## Goal of the exercise
For this exercise, print the listing below exactly, without its pictures.

## Dataset excerpt
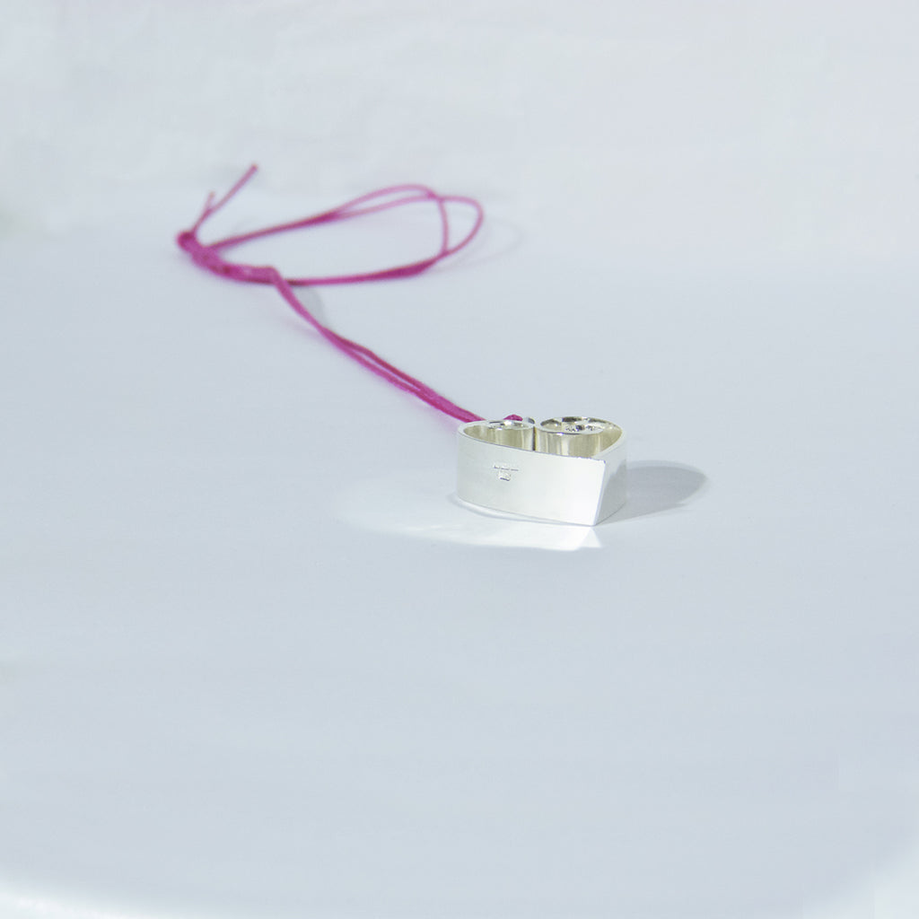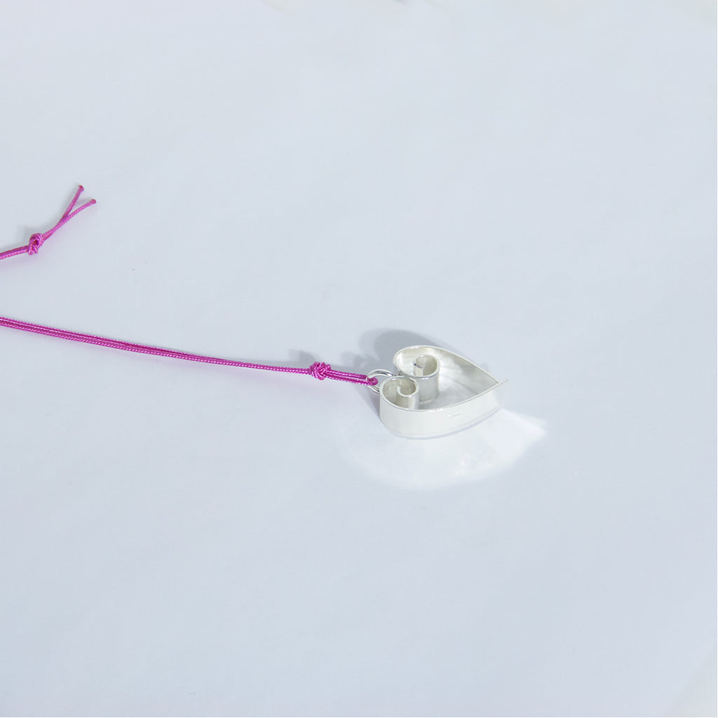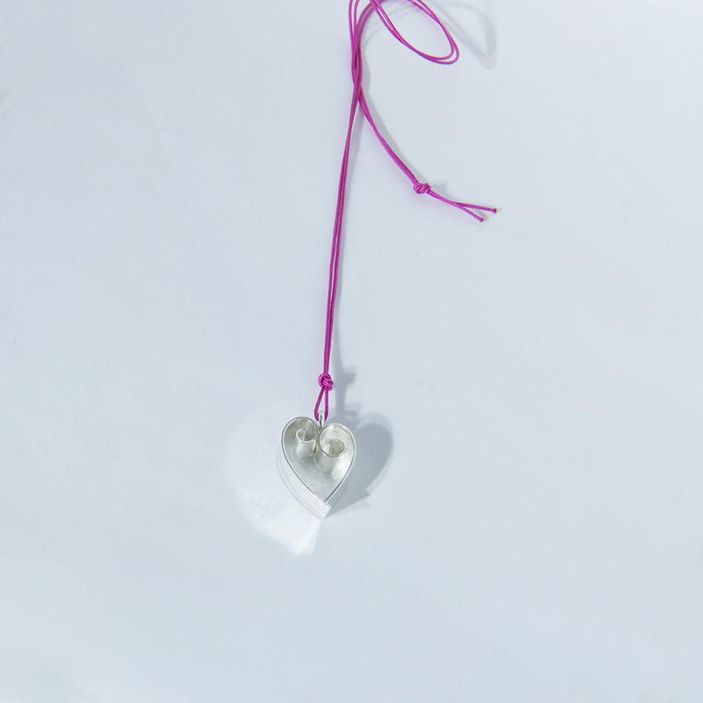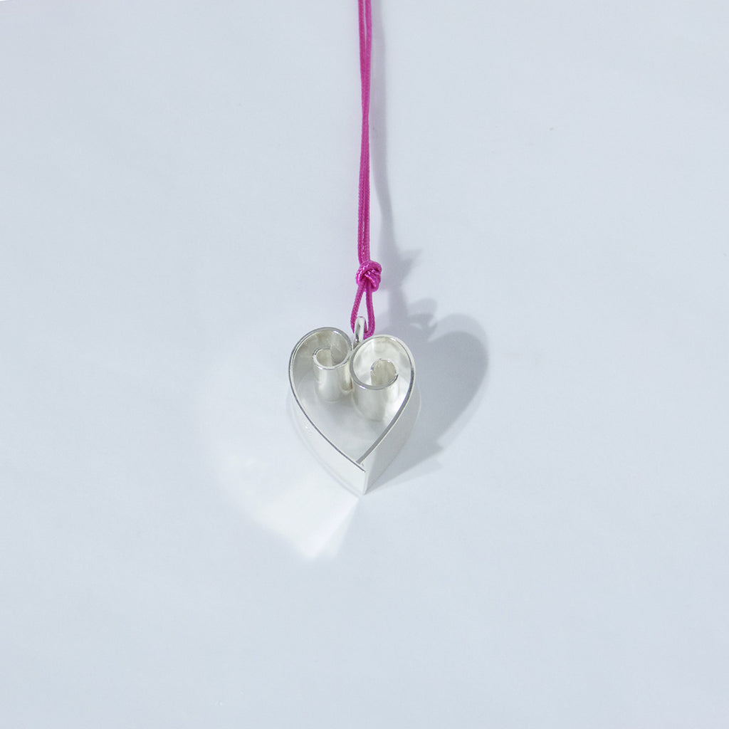 A delicate pendant from our Hearts collection handmade in 925/000 silver with a polished finish. This pendant is called Contour Heart. Viewed from above the pendant looks very delicate, viewed from the side you grasp the height of the pendant. The heart is attached to a ribbon made of paracord, but can also be worn on an eyelet chain.
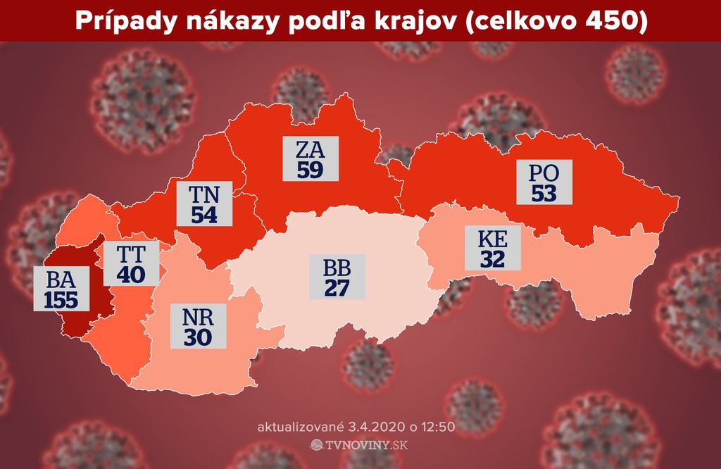 Na Slovensku vo štvrtok pribudlo ďalších 24 potvrdených prípadov nákazy novým koronavírusom. Celkovo evidujeme 450 pozitívnych prípadov.
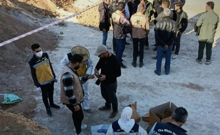 وبحسب المعلومات الأولية، باشرت فرق الدفاع المدني السوري عمليات الانتشال، حيث تم استخراج رفات أربعة أشخاص من المقبرة. وتشير المعطيات إلى أن الضحايا قضوا خلال فترة سيطرة النظام السابق، دون توفر تفاصيل إضافية حتى الآن بشأن هوياتهم أو التاريخ الدقيق لوفاتهم.
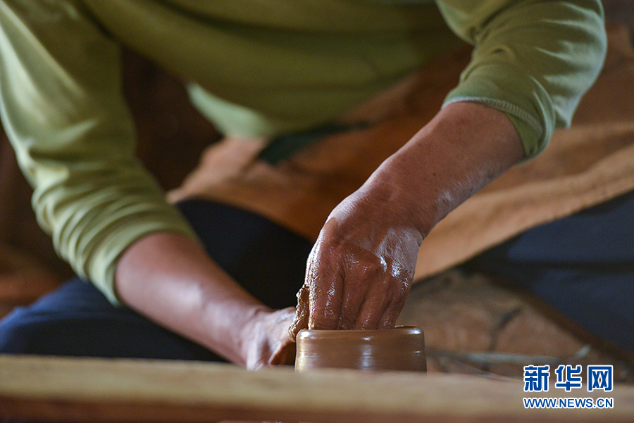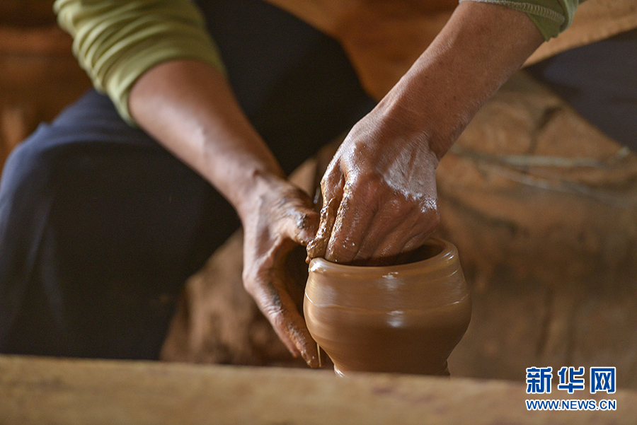 胡光荣制作土陶壶。新华网发 郑毅摄

## Result
 A delicate pendant from our Hearts collection handmade in 925/000 silver with a polished finish. This pendant is called Contour Heart. Viewed from above the pendant looks very delicate, viewed from the side you grasp the height of the pendant. The heart is attached to a ribbon made of paracord, but can also be worn on an eyelet chain.
 Na Slovensku vo štvrtok pribudlo ďalších 24 potvrdených prípadov nákazy novým koronavírusom. Celkovo evidujeme 450 pozitívnych prípadov.
 وبحسب المعلومات الأولية، باشرت فرق الدفاع المدني السوري عمليات الانتشال، حيث تم استخراج رفات أربعة أشخاص من المقبرة. وتشير المعطيات إلى أن الضحايا قضوا خلال فترة سيطرة النظام السابق، دون توفر تفاصيل إضافية حتى الآن بشأن هوياتهم أو التاريخ الدقيق لوفاتهم.
 胡光荣制作土陶壶。新华网发 郑毅摄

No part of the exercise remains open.